Markdown Author: Jessie Bell, 2023

Libraries Used: tidyverse, gt, ggplot2

Answers: Pewter Blue

Part I: Data Wrangling

View Jessie’s data wrangling here.

I tried for about 2 hours to figure out how to host my files in GitHub and embed them into my R Markdown. The best I could come up with was the link above (😔) but I know there is a better way! I intend to embed a .txt file that automatically downloads to your computer when you click it.

Part II: Questions

fishiesData <- read.csv("fishies_cleaned.csv") #apparently I assigned NA to every blank cell in excel. Edited below via subsetting instead of going back to excel. 

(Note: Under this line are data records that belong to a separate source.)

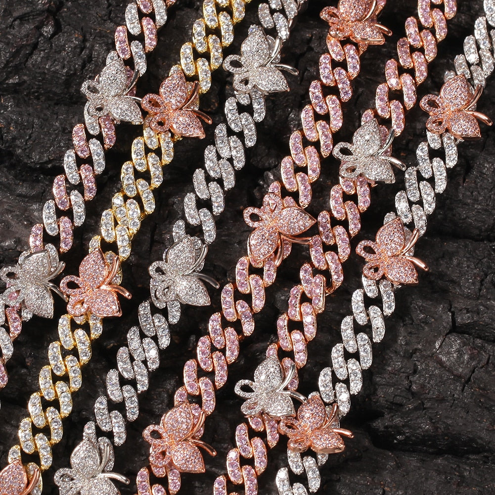 Featuring 4 butterfly charms on one 12mm miami cuban link chain short choker.
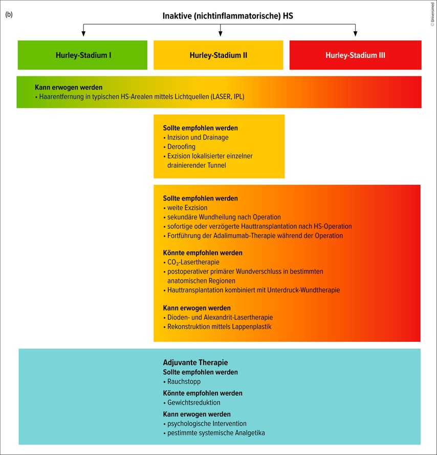 Abb. 1: HS-Behandlungsalgorithmus laut European S2k Guidelines. (a) Behandlung der aktiven (inflammatorischen) HS, (b) Behandlung der inaktiven (nichtinflammatorischen) HS (modifiziert nach Zouboulis CC et al. 2025)6
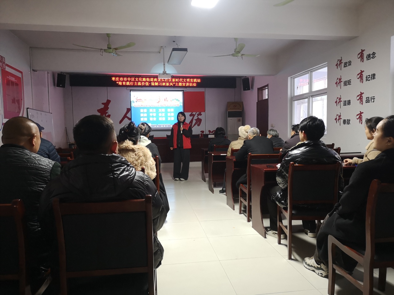 为深入弘扬社会主义核心价值观,传递辖区正能量,提升居民群众的精神文明素养, 12月10日,文化路街道南龙头社区在新时代文明实践站开展“培育践行主流价值• 除陋习树新风”主题宣讲活动。
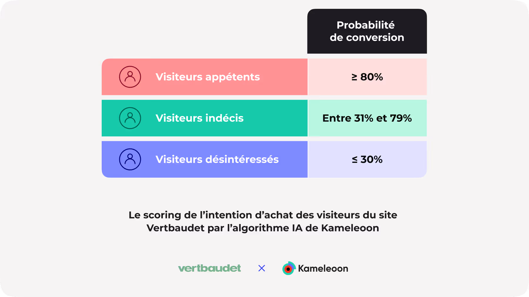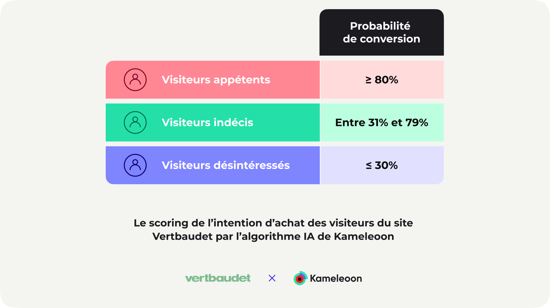 Les équipes de Vertbaudet décident d’utiliser l’algorithme IA Kameleoon pour calculer l'appétence de chaque visiteur. En fonction de leur comportement, l’algorithme crée des corrélations entre chaque profil et évalue en temps réel l’intention d’achat du visiteur.

fishiesData <- subset(fishiesData, Month <10)

Q1

Question: Make a summary of mean temperature and dissolved oxygen across years for the months of May through September and put this in tabular format.
Answer: See table below.
fishiesData <- fishiesData %>% #using this to change month names so they show up in the table as actual month name (Itried an if else statement, but couldnt figure out how to list multiple arguments in it.)
  mutate(Months = case_when(
    Month == 5 ~ "May",
    Month == 6 ~ "June",
    Month == 7 ~ "July",
    Month == 8 ~ "August",
    Month == 9 ~ "September"))

fishiesDataTable <- fishiesData |>
  drop_na(DO_mgperL) |>
  group_by(Months) |>
  summarise(Mean_Temp = mean(temp_c), 
            Mean_DO = mean(DO_mgperL))


gt(fishiesDataTable) |>
  opt_table_font(google_font("Caveat")) #no necessary library for Google Fonts, just use google_font() function. BTW, opt_table_font() function comes with gt and can be used to change font on gt table. 
Months Mean_Temp Mean_DO
August 7.744185 2.119836
July 7.516663 1.848069
June 8.578735 2.943225
May 8.069267 2.703870
September 7.809440 1.383814



Code explaination for future Jessie:
I created a table for fishiesData using this tutorial and did not like that the month column used numbers instead of actual month names. So the first part of the code adds a new column to the data by piping information from the Month column, which was quicker than going back into excel and manually creating the column.
In the second part of the code, I followed the tutorial linked above exactly, using the new column in my data title “Months”.
Next I placed the tibble into a data.frame and did not like the way the table looked, so I looked up how to make pretty tables in R. This led to the gt() package. I downloaded and called this package into my library. Then I used the package in the most basic way possible, and added some pretty google fonts.

Q2

Question: Plot the counts of Slender Sole against temperature (Slender sole ~ Temperature). Describe this relationship.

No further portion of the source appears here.